A ficha temática “Emissões de gases com efeito de estufa” (GEE) apresenta a estimativa das emissões e sequestro destes gases de origem antropogénica, em todos os setores da economia nacional, desde 1990. Analisa, também, a evolução das emissões face aos compromissos nacionais e comunitários de redução de emissões de GEE, bem como a relação entre as emissões e o crescimento económico, traduzida na intensidade carbónica da economia portuguesa.
O Relatório especial do Painel Intergovernamental para as Alterações Climáticas (IPCC, na sigla inglesa) sobre o Aquecimento Global de 1,5 °C, publicado em 2018, bem como os relatórios mais recentes do sexto ciclo de avaliação do IPCC (AR6), publicados entre 2021 e 2023, reforçam a evidência científica relativa à influência da atividade humana sobre o sistema climático e que o aquecimento global deste sistema é inequívoco, confirmando a urgência de ações de combate às alterações climáticas. Importa, por isso, monitorizar e verificar o nível de emissões e sequestro de GEE de origem antropogénica em todos os setores da economia, utilizando o ano de 1990 como ano de referência, de acordo com orientações internacionais.
O inventário nacional de emissões de GEE é o principal instrumento de monitorização das emissões e remoções de emissões de origem antropogénica, permitindo acompanhar o cumprimento das metas nacionais e europeias, constituindo, por isso, um elemento-chave da política climática.

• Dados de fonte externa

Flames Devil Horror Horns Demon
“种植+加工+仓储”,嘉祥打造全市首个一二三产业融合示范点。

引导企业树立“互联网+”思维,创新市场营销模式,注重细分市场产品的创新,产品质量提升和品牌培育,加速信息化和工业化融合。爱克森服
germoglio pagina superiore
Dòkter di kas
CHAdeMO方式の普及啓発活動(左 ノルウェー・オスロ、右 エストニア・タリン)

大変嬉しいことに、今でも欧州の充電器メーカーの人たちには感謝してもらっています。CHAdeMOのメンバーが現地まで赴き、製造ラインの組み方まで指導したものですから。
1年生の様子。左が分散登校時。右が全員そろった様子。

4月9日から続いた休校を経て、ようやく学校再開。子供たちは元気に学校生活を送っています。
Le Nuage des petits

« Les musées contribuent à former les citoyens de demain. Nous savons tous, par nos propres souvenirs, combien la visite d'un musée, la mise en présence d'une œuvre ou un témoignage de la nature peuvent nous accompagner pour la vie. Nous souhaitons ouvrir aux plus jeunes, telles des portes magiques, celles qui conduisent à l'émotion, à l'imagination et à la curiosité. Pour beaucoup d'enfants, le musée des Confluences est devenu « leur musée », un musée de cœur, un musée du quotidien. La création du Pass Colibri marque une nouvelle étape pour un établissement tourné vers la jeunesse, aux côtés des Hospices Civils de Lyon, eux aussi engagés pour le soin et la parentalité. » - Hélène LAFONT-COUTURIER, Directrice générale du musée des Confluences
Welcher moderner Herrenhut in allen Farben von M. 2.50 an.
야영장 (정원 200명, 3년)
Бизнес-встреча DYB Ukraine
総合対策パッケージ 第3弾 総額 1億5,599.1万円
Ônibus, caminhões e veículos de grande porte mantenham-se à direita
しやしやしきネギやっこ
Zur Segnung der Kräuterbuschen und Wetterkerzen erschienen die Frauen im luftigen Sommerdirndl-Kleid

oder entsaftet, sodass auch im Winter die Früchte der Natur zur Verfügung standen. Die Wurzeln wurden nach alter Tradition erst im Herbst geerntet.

No inventário são contabilizadas as emissões e sequestro de GEE, incluindo o dióxido de carbono (CO2), o metano (CH4), o óxido de azoto (N2O), os hidrofluorocarbonetos (HFC), os perfluorocarbonetos (PFC), o hexafluoreto de enxofre (SF6) e o trifluoreto de azoto (NF3). São também incluídos os designados GEE indiretos, que contribuem para a formação de outros poluentes atmosféricos, como o monóxido de carbono (CO), o dióxido de enxofre (SO2), os óxidos de azoto (NOx) e os compostos orgânicos voláteis não metânicos (COVNM).
A nível nacional, a compilação e comunicação destes dados é assegurada pelo Sistema Nacional de Inventário de Emissões por Fontes e Remoções por Sumidouros de Poluentes Atmosféricos (SNIERPA), que garante a robustez técnica, a transparência e a conformidade metodológica, assegurando o cumprimento das obrigações de reporte de Portugal no quadro da Convenção-Quadro das Nações Unidas sobre Alterações Climáticas (UNFCCC) e do Regulamento da Governação da União da Energia e da Ação Climática.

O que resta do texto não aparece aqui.